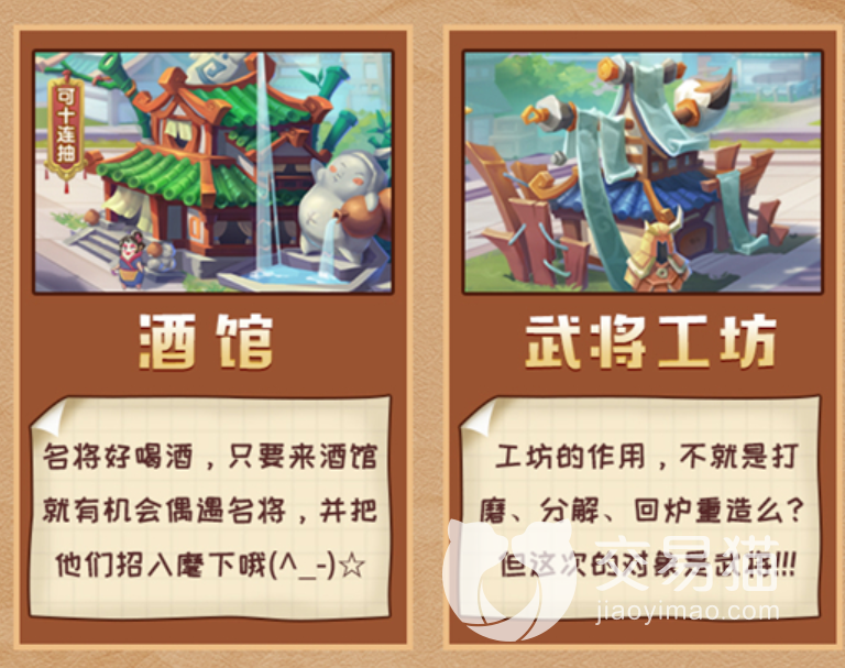 酒馆是目前唯一招募武将的地方,该建筑没有等级,也就意味着不用花费大量的资源去升级,每个时间段进入酒馆都能看到不同武将的池子,玩家们根据自己的需求选择就行。
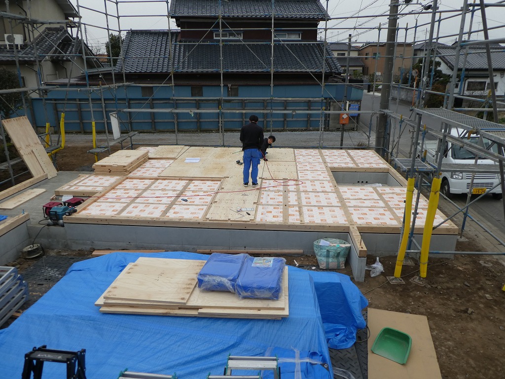床下地をしてウレタン断熱材を敷き詰めました
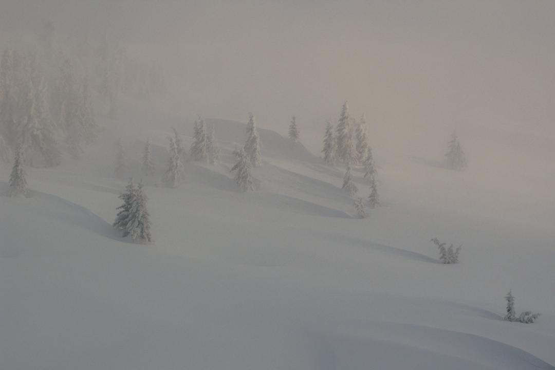 Und nach 2 Stunden knietiefem Spuren zeigte Zeus ein wenig Mitleid und ließ ein paar schüchterne Sonnenstrahlen durch die kompakte Wolkendecke, bevor mich Wind, Kälte und dichtes Schneegestöber wieder Richtung Tal jagten.
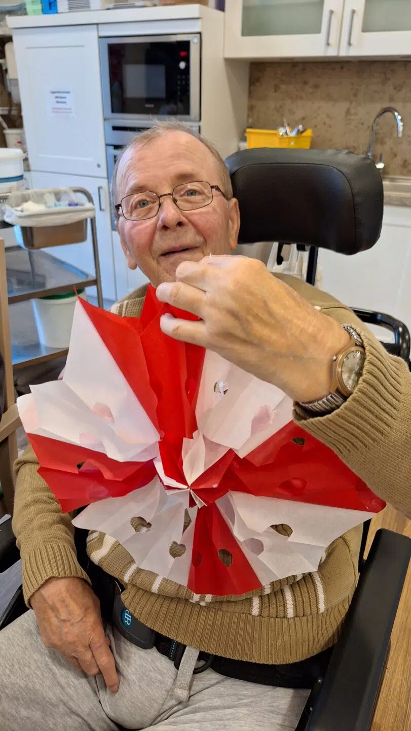 Wir hatten Besuch von den Schüler*innen der Kurfürst-Balduin Realschule plus. Gemeinsam bastelten wir Weihnachtssterne aus Butterbrottüten. Schnell war das Eis gebrochen und die Jugendlichen kamen mit unseren Bewohner*innen ins Gespräch. Geduldig unterstützen die Schüler*innen die Senior*innen bei der filigranen Bastelaufgabe. Viele ältere Menschen sind in ihrer Feinmotorik in den Händen eingeschränkt. So war man am Ende stolz auf die gemeinsamen Werke.
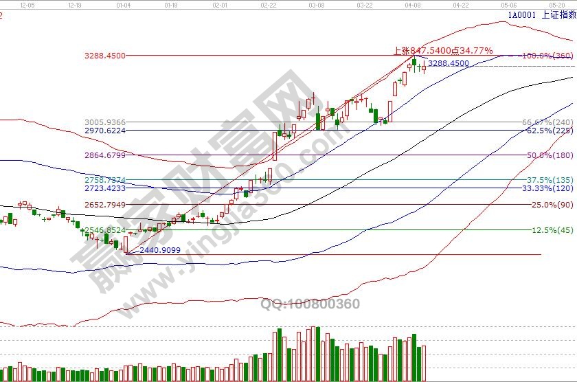 大盤日K線保持在極反通道藍(lán)色上軌與紅色外軌線構(gòu)成的超強(qiáng)通道內(nèi)運(yùn)行,提前公布8-15號(hào)為贏家江恩系統(tǒng)時(shí)間工具提示的時(shí)間窗口,預(yù)判此時(shí)間段指數(shù)走勢(shì)會(huì)反復(fù),當(dāng)前走勢(shì)同預(yù)期相符,市場(chǎng)整體延續(xù)上攻趨勢(shì),待休整結(jié)束不破藍(lán)色上軌線前提下觀察是否有再創(chuàng)新高動(dòng)作;空間方面,波段百分比延伸線、江恩價(jià)格四方形分析得出,短期壓力是3261、3283點(diǎn),短期支撐3228、3196點(diǎn)。操作策略,日線超強(qiáng)通道運(yùn)行,穩(wěn)健者倉(cāng)位保持在5成,激進(jìn)者倉(cāng)位保持在7成,靠近紅色外軌線持倉(cāng)遵守提高止賺位分批獲利。
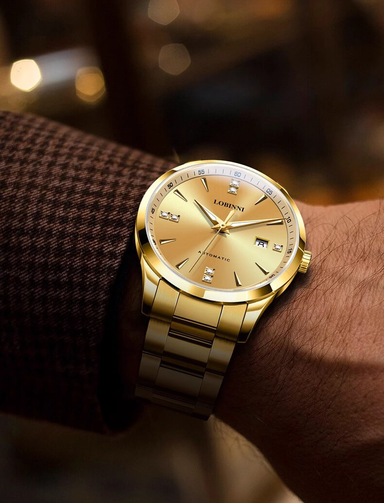 Đồng hồ nam chính hãng LOBINNI Thụy Sỹ Thiết kế sang trọng, đẳng cấp cho quý ông Thời gian trữ cót lâu lên đến 40h Chống nước 5ATM, Kính sapphire Toàn bộ máy được làm
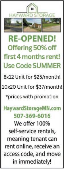 Deadline for ALL Display Ads is 5 pm the ursday prior to the following Tuesday’s publication of the Freeborn County Shopper.
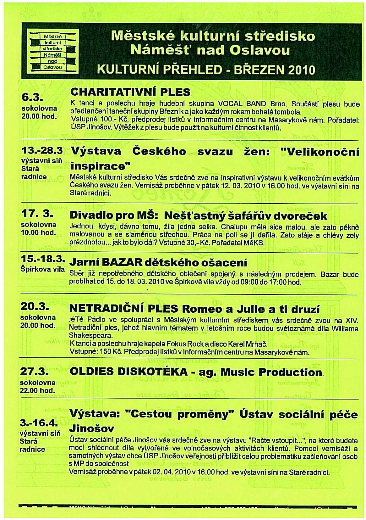 Přehled kulturních akcí konaných v měsíci březnu v Náměšti nad Oslavou.
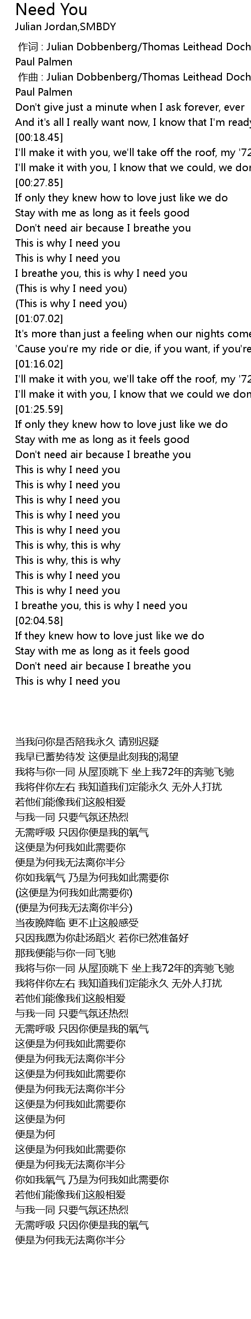 | [02:01.87] | I breathe you, this is why I need you |
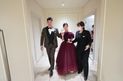 ご新婦はドレスにもこだわり、ご新郎も一緒に何度も打ち合わせを重ね、妥協することなく、お気に入りの2着をお選びになりました。 1着目は、お花の刺繍が入っていて、シンプルながら程良く華やかさのあるところに惹かれて選んだそう。取り外し可能なベールが付いており、挙式と披露宴で違った着こなしを楽しんでいらっしゃいました。 2着目は、バーガンディー色のカラードレスで、大人っぽい雰囲気が大変お似合いでした。

- _Exercise goal_
Leaving the images out, print the records above exactly.

- _Answer box_
 酒馆是目前唯一招募武将的地方,该建筑没有等级,也就意味着不用花费大量的资源去升级,每个时间段进入酒馆都能看到不同武将的池子,玩家们根据自己的需求选择就行。
床下地をしてウレタン断熱材を敷き詰めました
 Und nach 2 Stunden knietiefem Spuren zeigte Zeus ein wenig Mitleid und ließ ein paar schüchterne Sonnenstrahlen durch die kompakte Wolkendecke, bevor mich Wind, Kälte und dichtes Schneegestöber wieder Richtung Tal jagten.
 Wir hatten Besuch von den Schüler*innen der Kurfürst-Balduin Realschule plus. Gemeinsam bastelten wir Weihnachtssterne aus Butterbrottüten. Schnell war das Eis gebrochen und die Jugendlichen kamen mit unseren Bewohner*innen ins Gespräch. Geduldig unterstützen die Schüler*innen die Senior*innen bei der filigranen Bastelaufgabe. Viele ältere Menschen sind in ihrer Feinmotorik in den Händen eingeschränkt. So war man am Ende stolz auf die gemeinsamen Werke.
 大盤日K線保持在極反通道藍(lán)色上軌與紅色外軌線構(gòu)成的超強(qiáng)通道內(nèi)運(yùn)行,提前公布8-15號(hào)為贏家江恩系統(tǒng)時(shí)間工具提示的時(shí)間窗口,預(yù)判此時(shí)間段指數(shù)走勢(shì)會(huì)反復(fù),當(dāng)前走勢(shì)同預(yù)期相符,市場(chǎng)整體延續(xù)上攻趨勢(shì),待休整結(jié)束不破藍(lán)色上軌線前提下觀察是否有再創(chuàng)新高動(dòng)作;空間方面,波段百分比延伸線、江恩價(jià)格四方形分析得出,短期壓力是3261、3283點(diǎn),短期支撐3228、3196點(diǎn)。操作策略,日線超強(qiáng)通道運(yùn)行,穩(wěn)健者倉(cāng)位保持在5成,激進(jìn)者倉(cāng)位保持在7成,靠近紅色外軌線持倉(cāng)遵守提高止賺位分批獲利。
 Đồng hồ nam chính hãng LOBINNI Thụy Sỹ Thiết kế sang trọng, đẳng cấp cho quý ông Thời gian trữ cót lâu lên đến 40h Chống nước 5ATM, Kính sapphire Toàn bộ máy được làm
 Deadline for ALL Display Ads is 5 pm the ursday prior to the following Tuesday’s publication of the Freeborn County Shopper.
 Přehled kulturních akcí konaných v měsíci březnu v Náměšti nad Oslavou.
 | [02:01.87] | I breathe you, this is why I need you |
 ご新婦はドレスにもこだわり、ご新郎も一緒に何度も打ち合わせを重ね、妥協することなく、お気に入りの2着をお選びになりました。 1着目は、お花の刺繍が入っていて、シンプルながら程良く華やかさのあるところに惹かれて選んだそう。取り外し可能なベールが付いており、挙式と披露宴で違った着こなしを楽しんでいらっしゃいました。 2着目は、バーガンディー色のカラードレスで、大人っぽい雰囲気が大変お似合いでした。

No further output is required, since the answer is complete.